Sean Singer has posted a response on his blog:

 

All societies have their psychopathic elements, and America is psychopathological about race. I think it is irresponsible to ignore race in a piece of writing either in terms of content, form, psychological space, point-of-view, theme, or historical perspective. In both my creative and academic work I write about race frequently, either as a triumphant view of jazz culture, or as a critique of, for example, the immense problems facing the black metropolis of Newark, New Jersey.

 

And here's something on Patrick Rosal's blog:

 

While the poem, by now, has clearly established that it is an address, for argument’s sake, let’s say the “you” in this passage momentarily becomes something else, a general rhetorical “you”, a “you” removed or expanded from the companion to include something collective. The question is Why? Why deflect and/or abstract? Why shouldn’t history pass the speaker with the same proximity as it does a nation, or even just his companion? Is this another confession of ignorance by the speaker, that he simply doesn’t have the same relationship to history as “you”, whether "you companion" or "you collective/abstract" or "you (approximately) specifically who love her complicated hair"? If so, what’s the speaker's human responsibility to establish a proximity and distance to history?
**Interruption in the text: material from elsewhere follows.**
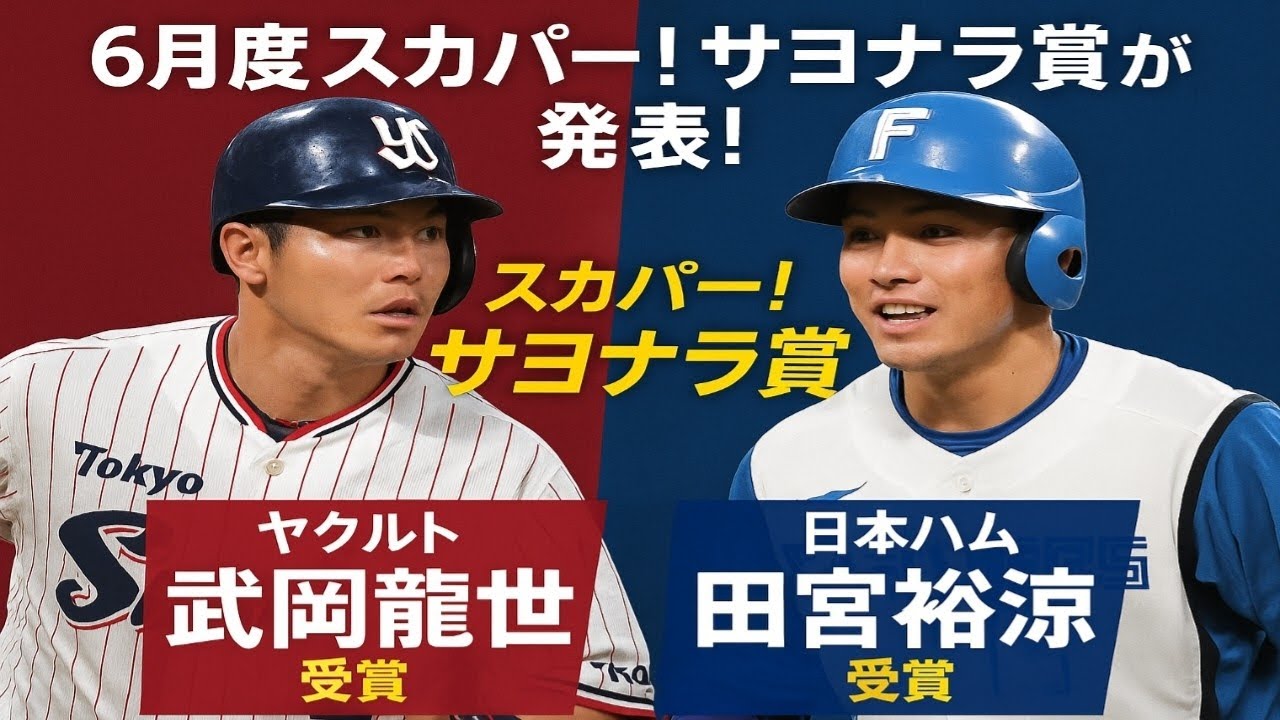 #スカパーサヨナラ賞 #サヨナラ賞 #武岡龍世 #田宮裕涼 #東京ヤクルトスワローズ #ヤクルト #北海道日本ハムファイターズ #日本ハム #プロ野球 #NPB #野球好きな人と繋がりたい #野球ファン #野球ニュース #サヨナラヒット #ヒーローインタビュー #プロ野球応援 #プロ野球2025 #感動の瞬間 #月間MVP #スカパー #JuneSayonaraAward #SayonaraHit #RyuseiTakeoka #YusukeTamiya #YakultSwallows #Fighters #NipponHamFighters #JapaneseBaseball #NPBAwards #BaseballJapan #WalkOffHit #ProBaseballStars #ClutchPlayer

Why doesn’t he get down into it?

 

And something from Seth Abramson's blog:

 

This is quite a broad claim, given that two of most the provocative poets presently writing about race, Tony Hoagland and Rodney Jones, both teach in MFA programs, and that many of our nation's most productively race-conscious authors are the products of MFA programs (e.g., Natasha Trethewey, UMass; Kevin Young, Brown; Terrance Hayes, Pittsburgh; Major Jackson, Oregon; the list is nearly endless). I don't think this sort of blanket condemnation, contradicted as it is by all of the available evidence, should go unchallenged.